Smartphone: proibir ou consentir?

O Agrupamento de Escolas da Sé, na Guarda, vai proibir os telemóveis aos alunos do 1º, 2º e 3º ciclos a partir de 22 de abril, no recomeço do ano letivo.
Com esta medida pretende-se que os jovens estejam «menos dependentes dos telemóveis, sobretudo nos intervalos». O diretor da escola da Sé considera que quem entra no edifício «repara que os alunos passam grande parte do intervalo e hora de almoço agarrados ao telemóvel e que não convivem uns com os outros, não conversam, não brincam, não jogam à bola», partindo do pressuposto errado de que há 20 ou 30 anos estavam todos muito felizes a conviver e a brincar. Não estavam…
Como escreveu João Miguel Tavares no “Público”, «o smartphone cruzado com as redes sociais é um bicho dificílimo de domar, cujo impacto ainda não compreendemos em toda a sua extensão». Suponho que ninguém tem dúvidas de que o telemóvel está tão entranhado nas nossas vidas que a sua gestão é um pesadelo: «é através dele que comunicamos, socializamos, aprendemos, descansamos, pagamos, nos organizamos, nos divertimos.

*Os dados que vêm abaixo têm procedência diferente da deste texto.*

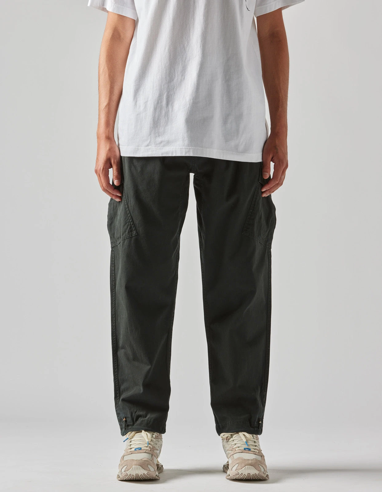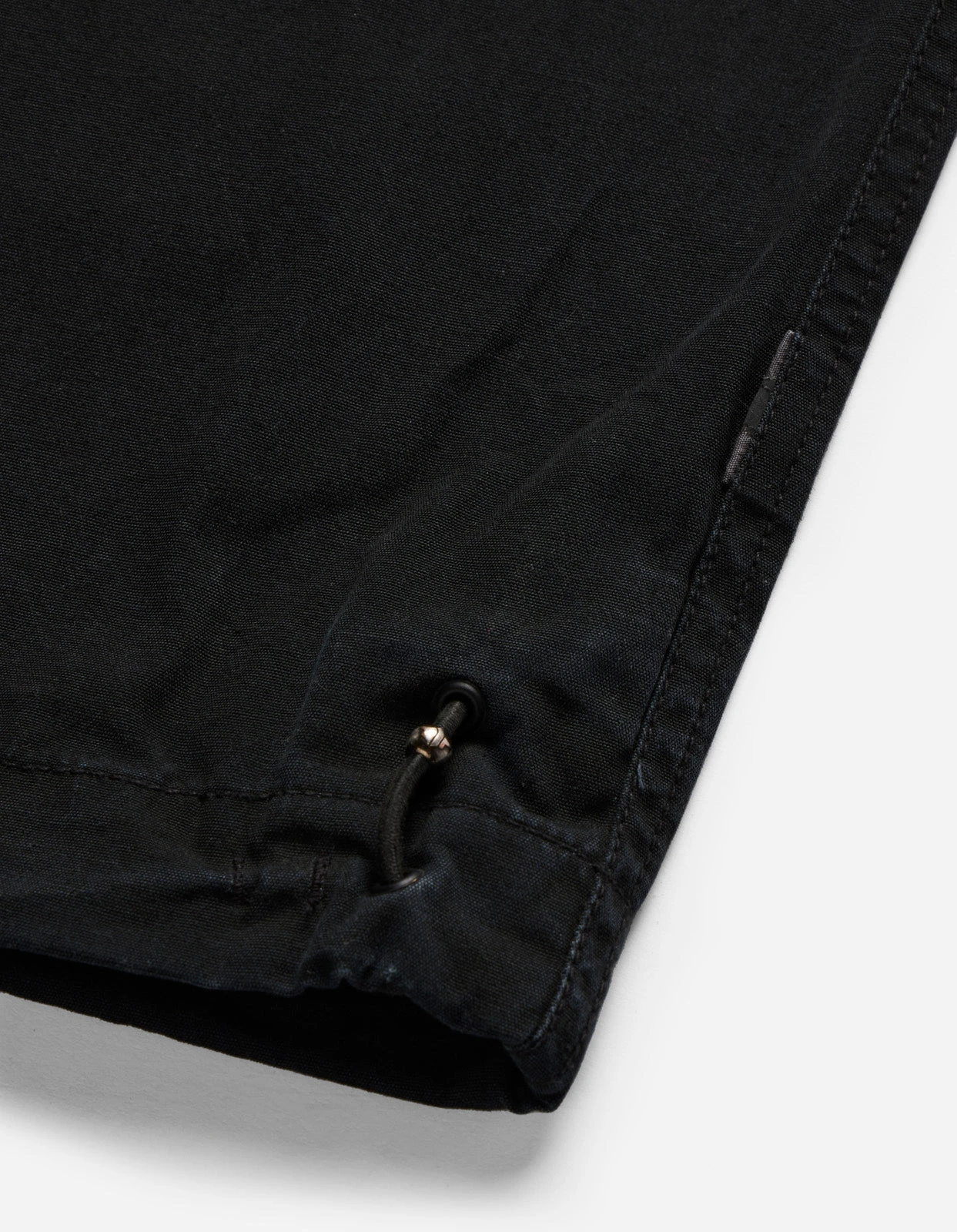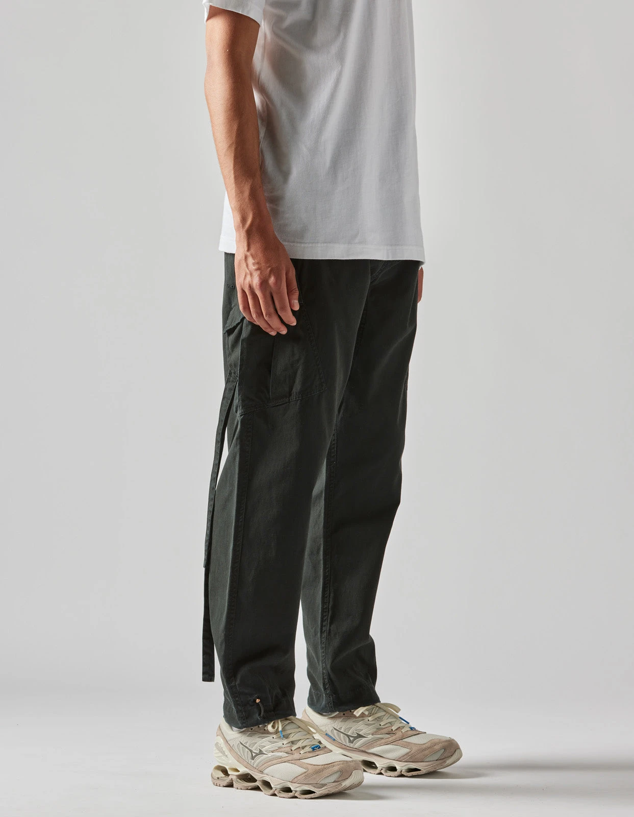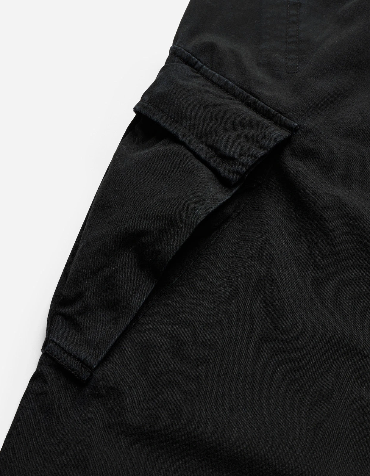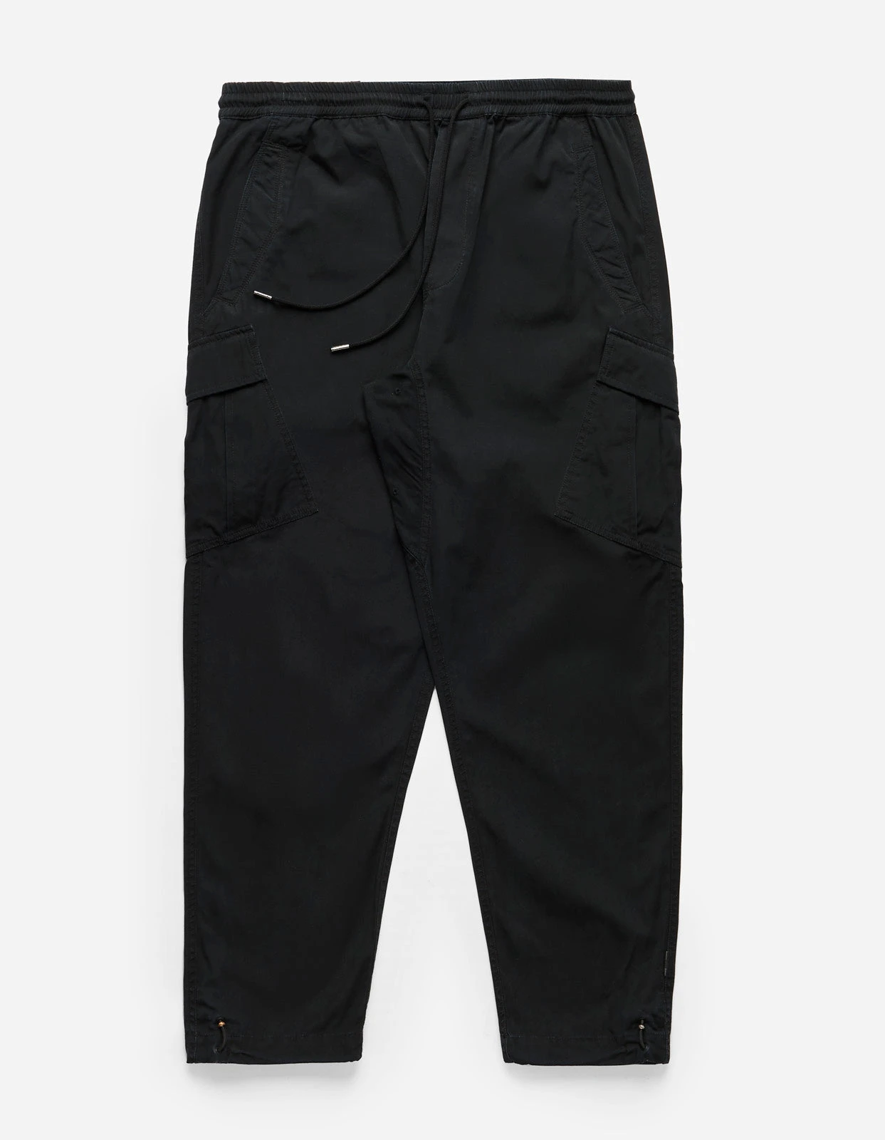 Black cargo track pants cut for a tapered fit, with drawcord waist and Temple ball and elasticated cord hem for adjustment. Drawstring adjustable waist, cargo pocket contents can be secured with leg straps, button hole allows legs straps to be optionally stowed inside the pocket. Constructed from a stonewashed Cotton Poplin.

Os telemóveis são horríveis porque afetam a autoestima dos nossos filhos – e são incríveis porque permitem saber onde eles estão quando saem de casa».
Na história encontramos muitos momentos de suposta perigosidade e muitas influências “aterradoras” sobre as crianças – as histórias do lobo mau… E com o progresso passaram a ser ainda mais as formas de pânico que, diz-se, fazem mal à saúde psíquica e alteram a forma de vida dos jovens. Hoje são os telemóveis que fazem “muito mal”, nos anos 50 eram as revistas de banda desenhada, com as suas histórias de horror ou ficção que mudavam os comportamentos das crianças, e, por isso, foram acusadas de corromper a juventude. «Houve audiências no Congresso, novas leis, perseguições a autores e editores, e até fogueiras com revistas a arder». Então, concluiu-se que a juventude dos anos 50 estava perdida por causa da BD. Nos anos 60, 70 e 80 foi a televisão (ainda hoje há quem defenda que as crianças não podem ver TV porque lhes «faz muito mal»). As crianças dos anos 80 e 90 foram afetadas pelos videojogos. As dos anos 2000 foram moldadas pelo telemóvel. A dos anos 2010 foram destruídas pelas redes sociais. «Há aqui um padrão bem definido: a juventude está sempre perdida, até ao dia em que cresce e tem filhos, que por sua vez estão perdidos, e assim sucessivamente».
Percebe-se a intenção e a vontade de fazer “alguma coisa” para mudar o panorama. Um pouco por todo o lado, as recomendações ou mesmo proibições de utilização de telemóveis tem ganho adeptos e ninguém parece ver na medida uma atitude autoritária da parte do sistema educativo. Esse é o caminho mais fácil para tentar relativizar o assunto, mas, como sabemos, o fruto proibido ainda será mais apetecido… Tem de haver regras de utilização e uma política restritiva na utilização de smartphones na escola, mas a proibição é um caminho errado. Em vez de educação, bom senso e equilíbrio perante cada uma das “invasões” que influenciam comportamentos, reage-se ao desconhecido com regras interditivas, que por vezes têm um resultado contrário ao pretendido.
Entretanto, ao mesmo tempo que a digitalização global avança, e o smartphone é um recurso didático e pedagógico, os arautos da ordem querem parar o vento com as mãos.